MatColgrove · March 26, 2012, 9:59pm

Hi cablesb,

Without a complete reproducing example, I’ll need to make some guesses.

For issue #1, since your expression contains a backward dependency, it is not parallel. Here you have multiple threads all accessing and updating different elements of a. Since there is no guarantee the order in which a is updated, the value of a(i-1) may be a new value or an old value. You just don’t know. Each thread needs to be working on it’s own element of a.

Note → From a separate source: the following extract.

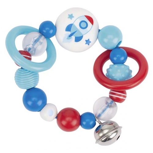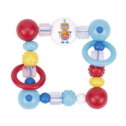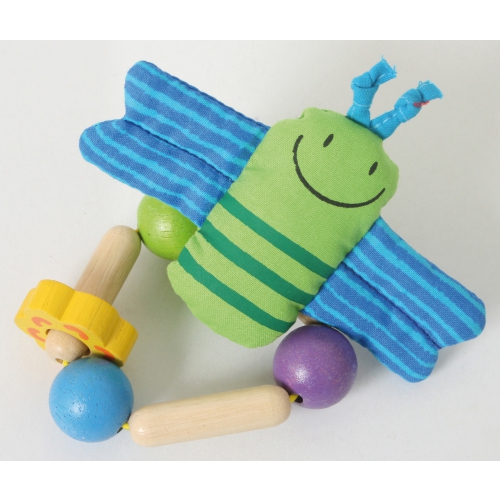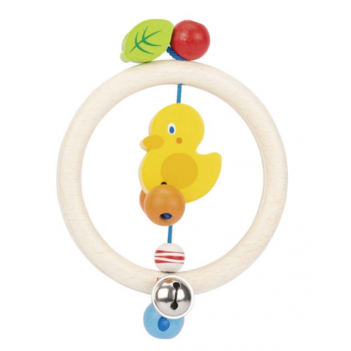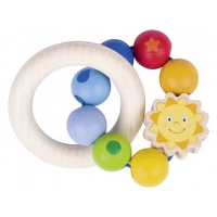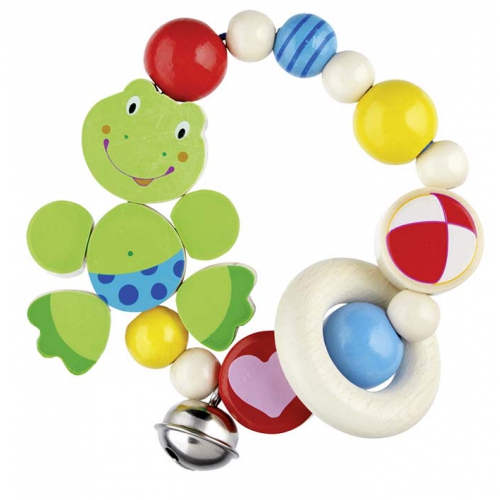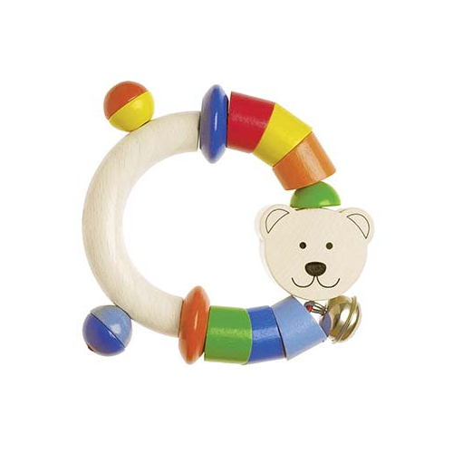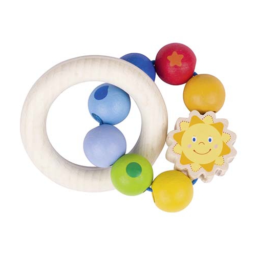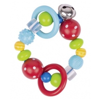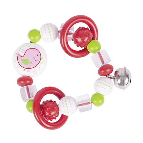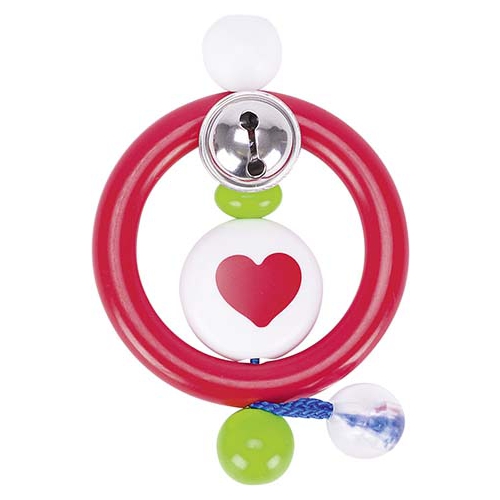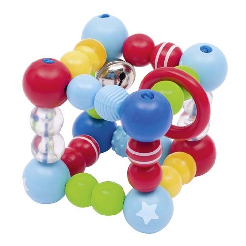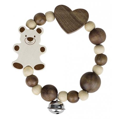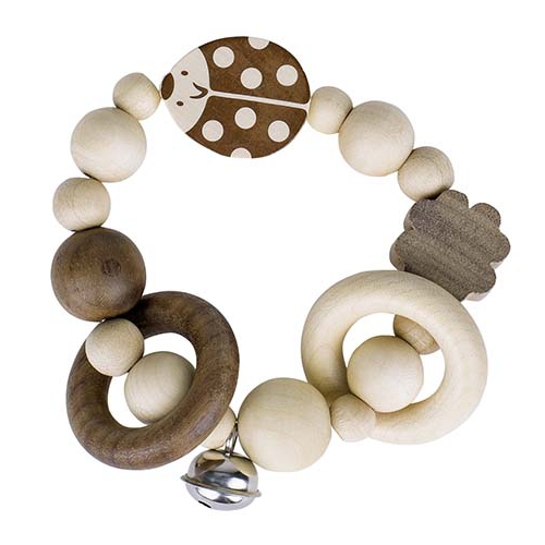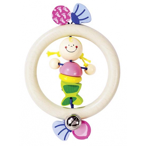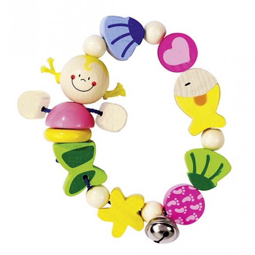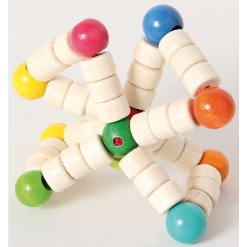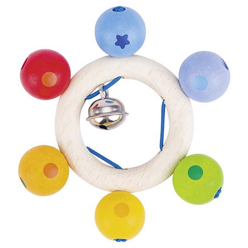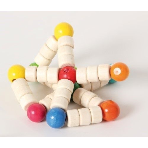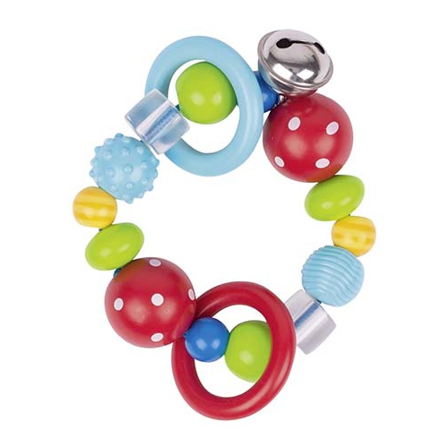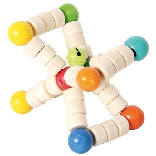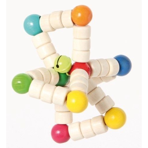 Mit zwei Glöckchen. Den Greifling kann man verbiegen. Die Holzperlen massieren dabei die Handflächen. Achtung! Nicht geeignet für Kinder unter 36 Monaten.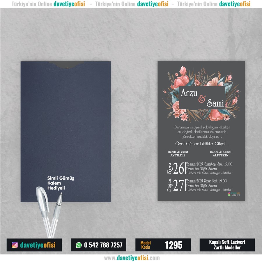Kapalı Lacivert Zarflı Modeller kategorisindeki bu ürün 28 Haziran 2024 tarihinde sitemize eklenmiştir. Bugüne kadar 3.479 ziyaretçinin incelediği bu davetiye modelini beğendiyseniz hemen sipariş verebilirsiniz.

To make this code parallel, you need to rethink it to be something along the lines of:

Host code

do n = 1,ntimes
  call time_step{{{dimGrid,dimBlock}}}(..args...)  ! note change } to >
  call copyaux_a{{{dimGrid,dimBlock}}}(..args...)  ! 
end do

Device code
attributes(global) subroutine time_step(a,aux, v,dt,dx,ntimes,simlength) 
,,,,
i = blockDim%x*(blockIdx%x-1)+threadIdx%x 
f (i>1 .and. i<=simlength) aux(i)=a(i)-decl*(a(i)-a(i-1)) 
end subroutine

attributes(global) subroutine copyaux_a(aux, a)
...
i = blockDim%x*(blockIdx%x-1)+threadIdx%x 
a(i)=aux(i)
end subroutine copyaux_a

Note that I needed to do a similar algorithm in the following two articles: Account Login | PGI and Account Login | PGI

2)I want “aux” to be an automatic array. Tried making it shared, but then the code won’t run. Dies with “unspecified failure to launch”.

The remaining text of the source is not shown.